I don't go to the doctor except when I'm very ill, and when I go to India, I drink a drop of local water.
From Nassim Nicholas Taleb
People have the problem of denial. This is one of the things I learned in Lebanon. Everybody who left Beirut when the war started, including my parents, said, 'Oh, its temporary.' It lasted 17 years! People tend to underestimate the gravity of these situations. That's how they work.
We are victims of the post-Enlightenment view that the world functions like a sophisticated machine, to be understood like a textbook engineering problem and run by wonks. In other words, like a home appliance, not like the human body.
Poverty is clearly one source of emotional suffering, but there are others, like loneliness.

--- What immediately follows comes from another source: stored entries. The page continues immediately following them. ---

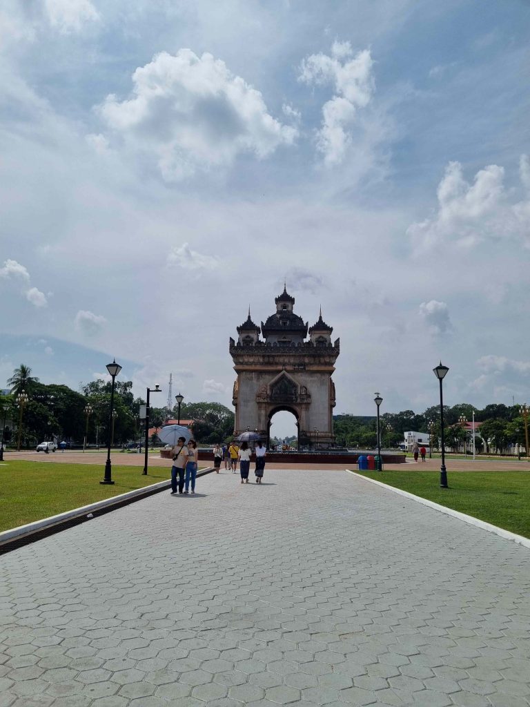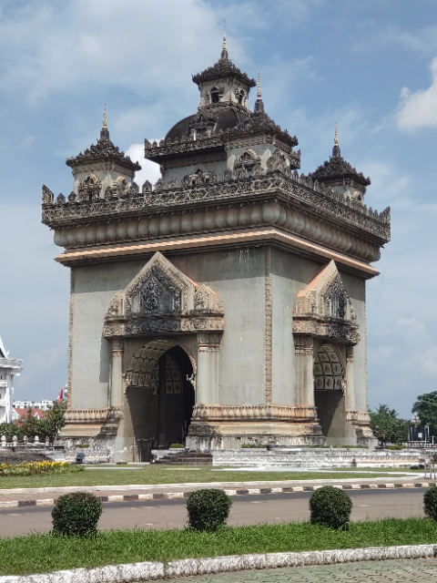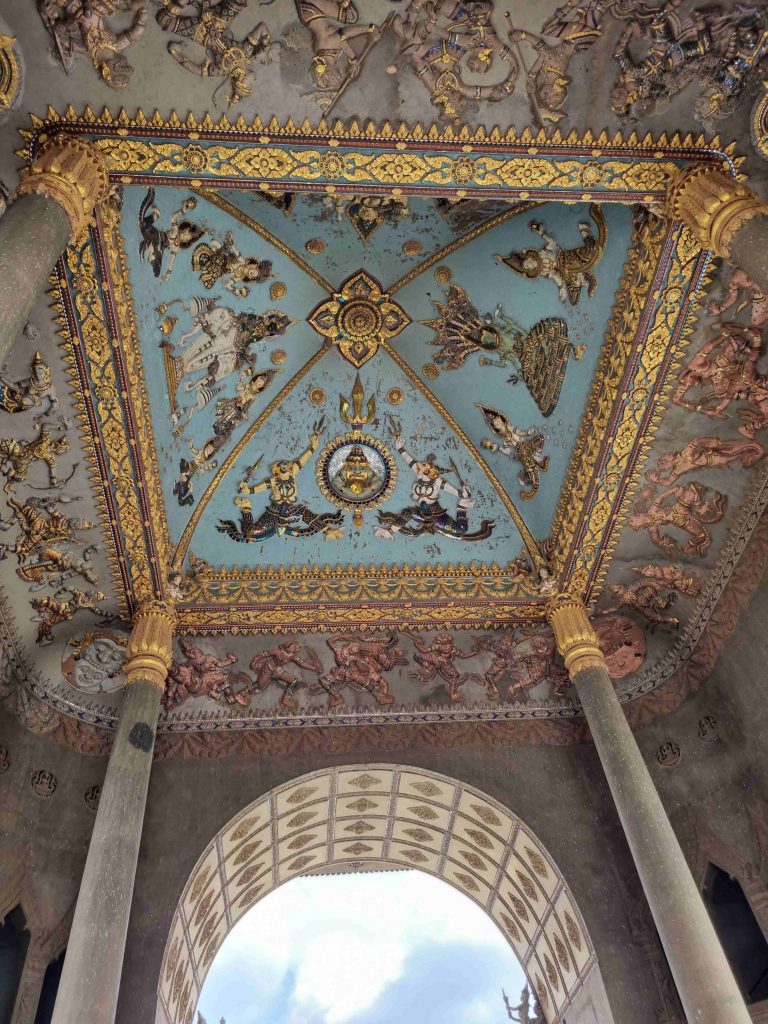 The next sight on our agenda was the ‘Victory’ Arch or Patuxai Arch. It is modelled on the Arc De Triomphe in Paris but with ceilings decorated in Laos style and is in the middle of a large roundabout – fairly busy, but not Parisian busy, so safely negotiated. It was indeed impressive, but unfortunately, the entrance to climb up was closed. The ceiling was really quite something though and worth the mad dash across the roundabout.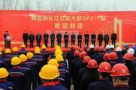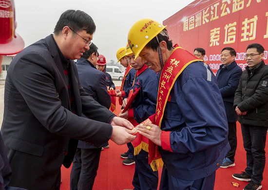 儀式上,蘄春縣人民政府副縣長李國忠致辭;湖北棋盤洲長江公路大橋有限公司副總經(jīng)理、總工程師趙文藝致辭,中鐵建大橋工程局集團一公司執(zhí)行董事、黨委書記王學民致辭;蘄春縣政協(xié)主席蔡緒銀、湖北棋盤洲長江公路大橋有限公司副總經(jīng)理汪應軍、中鐵建大橋工程局集團橋梁指揮部副指揮張耀為3名“最美工匠”頒獎;湖北棋盤洲長江公路大橋有限公司董事長、總經(jīng)理汪西華宣布北索塔最后封頂。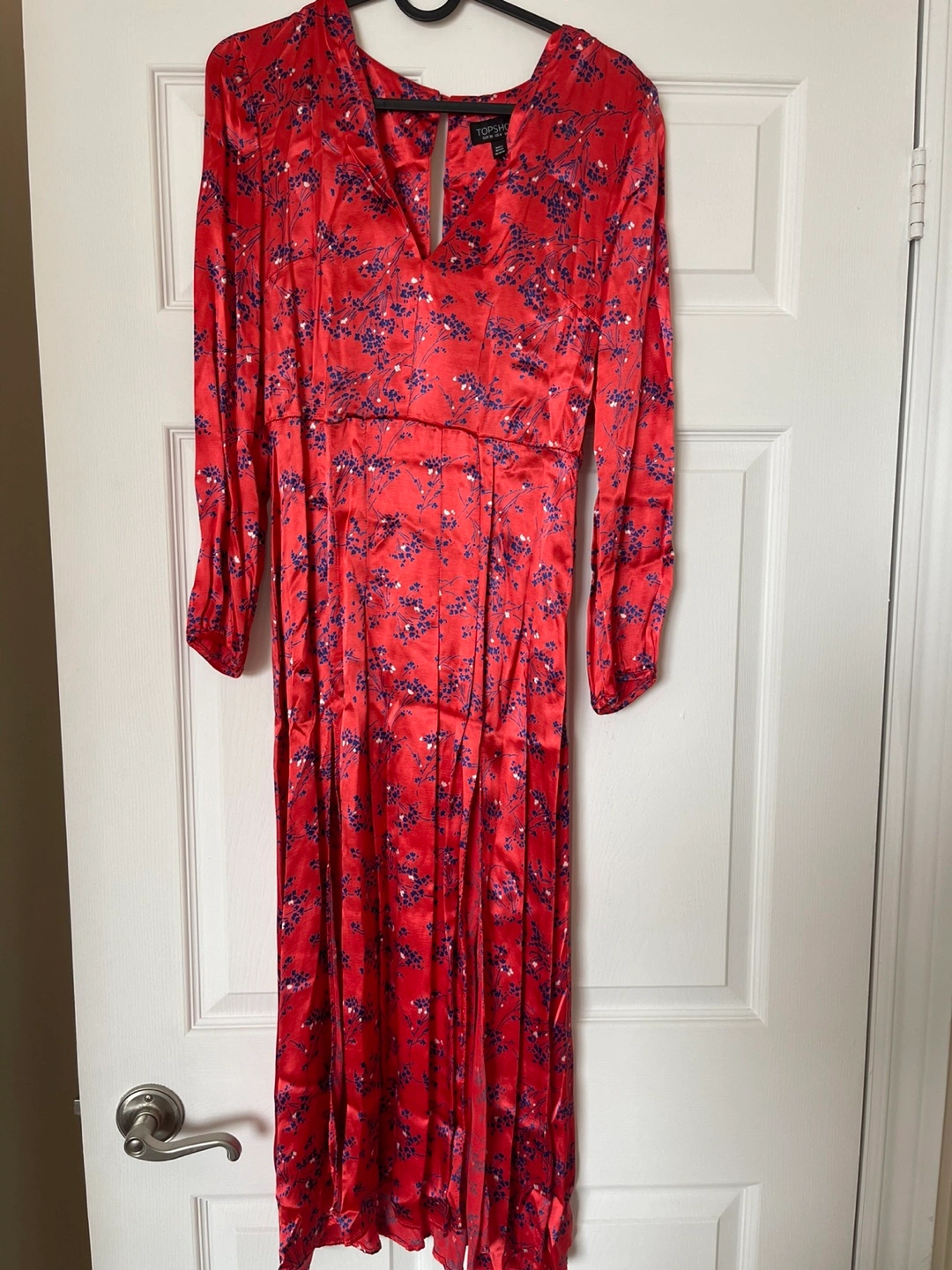Stunning red midi dress. Features long sleeves, V-neckline, and side slits. Floral print. Excellent condition. Fits small

You will get the most attention from those who hate you. No friend, no admirer and no partner will flatter you with as much curiosity.

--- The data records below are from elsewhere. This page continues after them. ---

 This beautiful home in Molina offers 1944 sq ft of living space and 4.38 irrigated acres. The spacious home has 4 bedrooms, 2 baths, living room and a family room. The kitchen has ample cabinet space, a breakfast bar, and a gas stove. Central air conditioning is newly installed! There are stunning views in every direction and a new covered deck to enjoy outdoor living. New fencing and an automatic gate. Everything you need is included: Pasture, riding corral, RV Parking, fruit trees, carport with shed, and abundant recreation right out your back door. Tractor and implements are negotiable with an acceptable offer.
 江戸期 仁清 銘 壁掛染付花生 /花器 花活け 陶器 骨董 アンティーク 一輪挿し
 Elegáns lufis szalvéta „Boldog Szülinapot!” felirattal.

The next time you experience a blackout, take some solace by looking at the sky. You will not recognize it.
The grandchildren should not bear the debts of the grandparents.
Years ago, I noticed one thing about economics, and that is that economists didn't get anything right.
Globalization has created this interlocking fragility. At no time in the history of the universe has the cancellation of a Christmas order in New York meant layoffs in China.
Failure saves lives. In the airline industry, every time a plane crashes the probability of the next crash is lowered by that. The Titanic saved lives because we're building bigger and bigger ships. So these people died, but we have effectively improved the safety of the system, and nothing failed in vain.